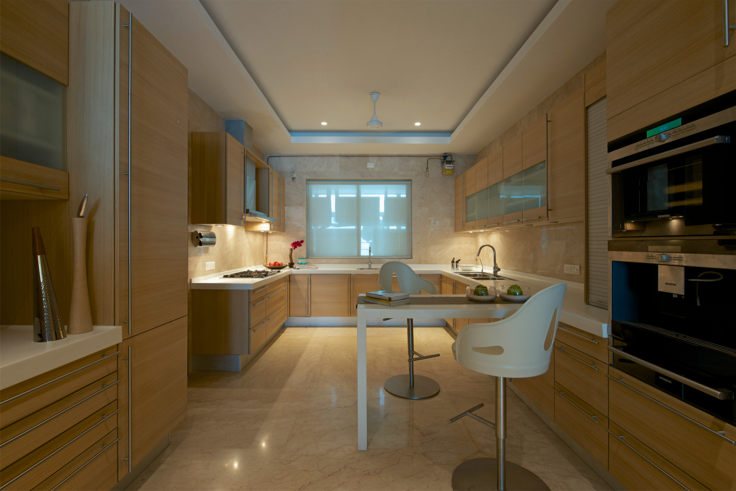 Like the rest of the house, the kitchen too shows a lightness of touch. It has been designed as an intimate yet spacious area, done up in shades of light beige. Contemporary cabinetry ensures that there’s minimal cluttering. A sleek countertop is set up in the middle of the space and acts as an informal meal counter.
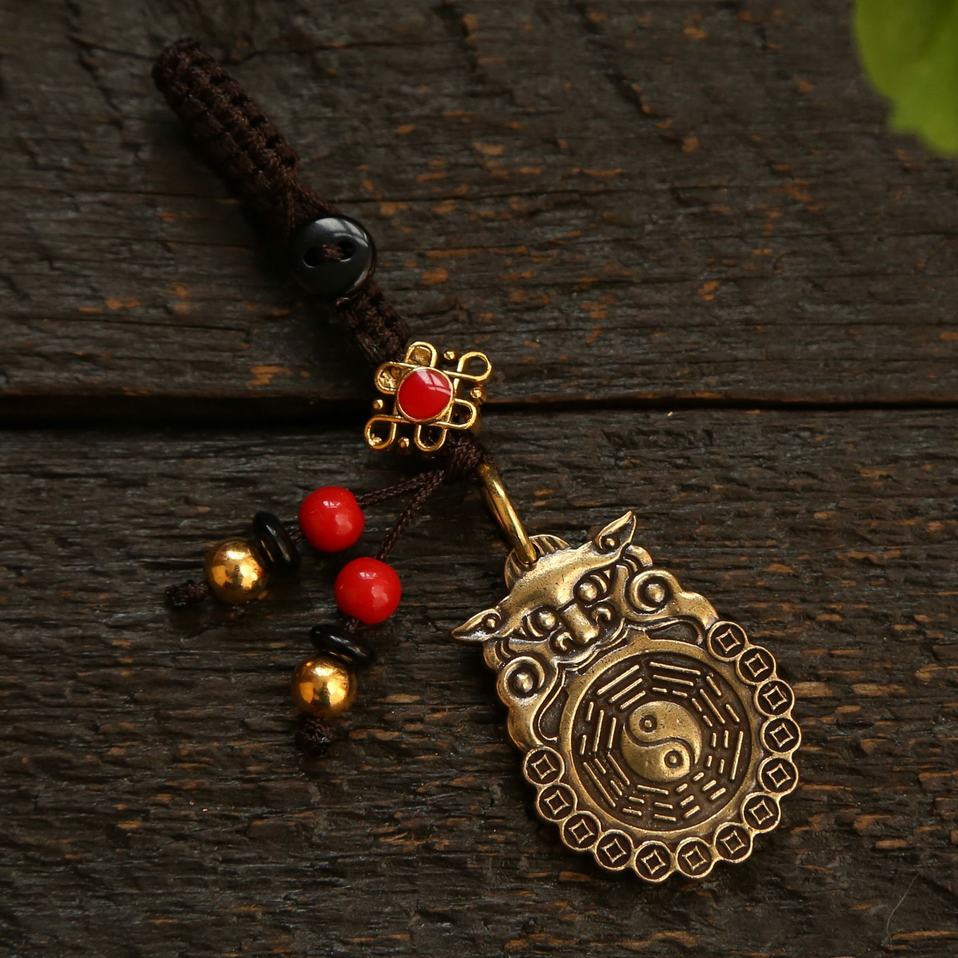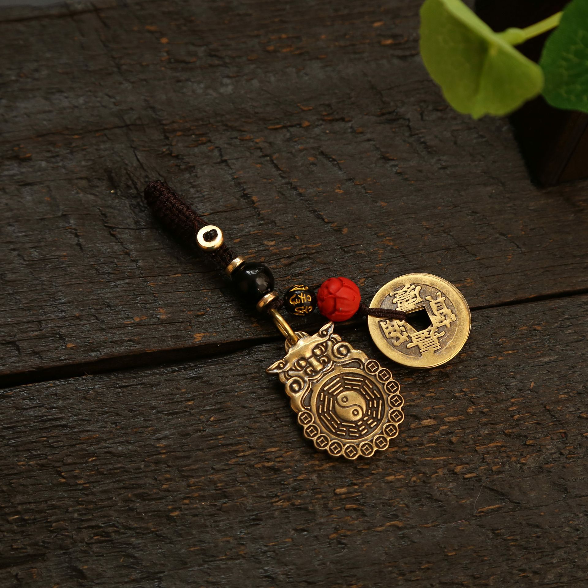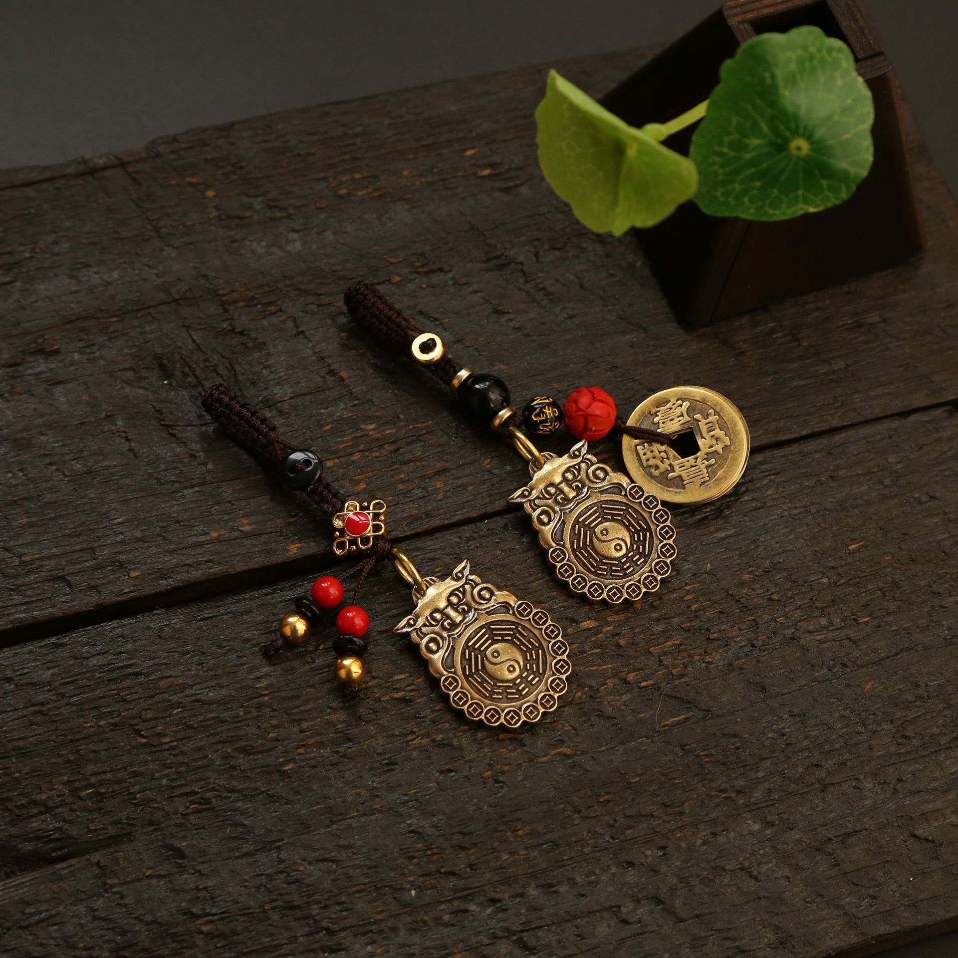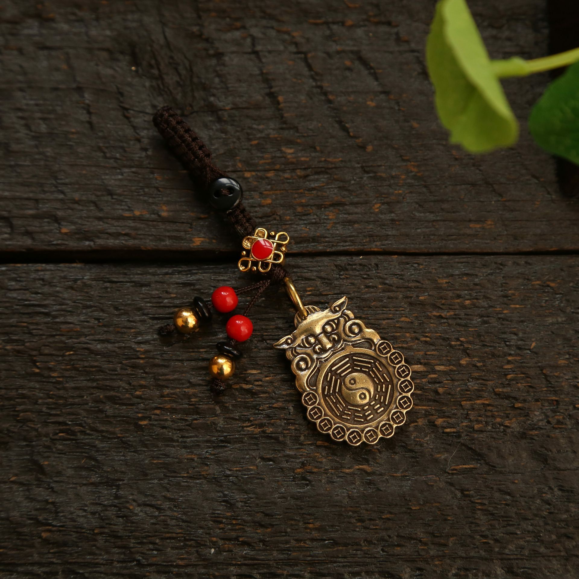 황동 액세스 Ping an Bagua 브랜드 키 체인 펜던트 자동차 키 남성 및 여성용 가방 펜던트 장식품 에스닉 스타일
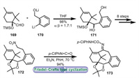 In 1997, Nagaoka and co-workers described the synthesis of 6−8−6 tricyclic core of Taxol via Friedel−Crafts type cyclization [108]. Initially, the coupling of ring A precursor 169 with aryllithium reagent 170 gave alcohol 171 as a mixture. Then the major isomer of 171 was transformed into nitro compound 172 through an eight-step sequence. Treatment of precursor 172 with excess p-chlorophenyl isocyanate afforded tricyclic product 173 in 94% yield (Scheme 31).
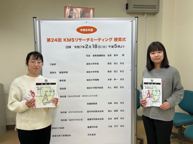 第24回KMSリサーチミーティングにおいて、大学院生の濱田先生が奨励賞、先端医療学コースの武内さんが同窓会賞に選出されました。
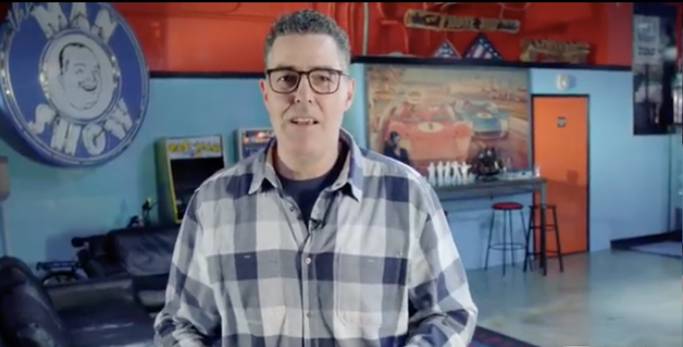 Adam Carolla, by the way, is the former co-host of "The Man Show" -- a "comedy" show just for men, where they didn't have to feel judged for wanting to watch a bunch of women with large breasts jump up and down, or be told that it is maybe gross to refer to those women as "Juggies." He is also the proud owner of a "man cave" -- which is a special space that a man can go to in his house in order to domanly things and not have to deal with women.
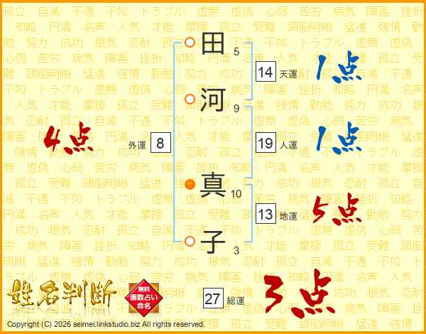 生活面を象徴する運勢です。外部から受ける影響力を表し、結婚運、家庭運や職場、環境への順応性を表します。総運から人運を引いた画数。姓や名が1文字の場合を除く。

AIM OF THE EXERCISE
Extract word for word every line from the line that contains "황동 액세스 Ping" to the final line of the data, both included, and nothing else; skip the pictures.

RESPONSE
 황동 액세스 Ping an Bagua 브랜드 키 체인 펜던트 자동차 키 남성 및 여성용 가방 펜던트 장식품 에스닉 스타일
 In 1997, Nagaoka and co-workers described the synthesis of 6−8−6 tricyclic core of Taxol via Friedel−Crafts type cyclization [108]. Initially, the coupling of ring A precursor 169 with aryllithium reagent 170 gave alcohol 171 as a mixture. Then the major isomer of 171 was transformed into nitro compound 172 through an eight-step sequence. Treatment of precursor 172 with excess p-chlorophenyl isocyanate afforded tricyclic product 173 in 94% yield (Scheme 31).
 第24回KMSリサーチミーティングにおいて、大学院生の濱田先生が奨励賞、先端医療学コースの武内さんが同窓会賞に選出されました。
 Adam Carolla, by the way, is the former co-host of "The Man Show" -- a "comedy" show just for men, where they didn't have to feel judged for wanting to watch a bunch of women with large breasts jump up and down, or be told that it is maybe gross to refer to those women as "Juggies." He is also the proud owner of a "man cave" -- which is a special space that a man can go to in his house in order to domanly things and not have to deal with women.
 生活面を象徴する運勢です。外部から受ける影響力を表し、結婚運、家庭運や職場、環境への順応性を表します。総運から人運を引いた画数。姓や名が1文字の場合を除く。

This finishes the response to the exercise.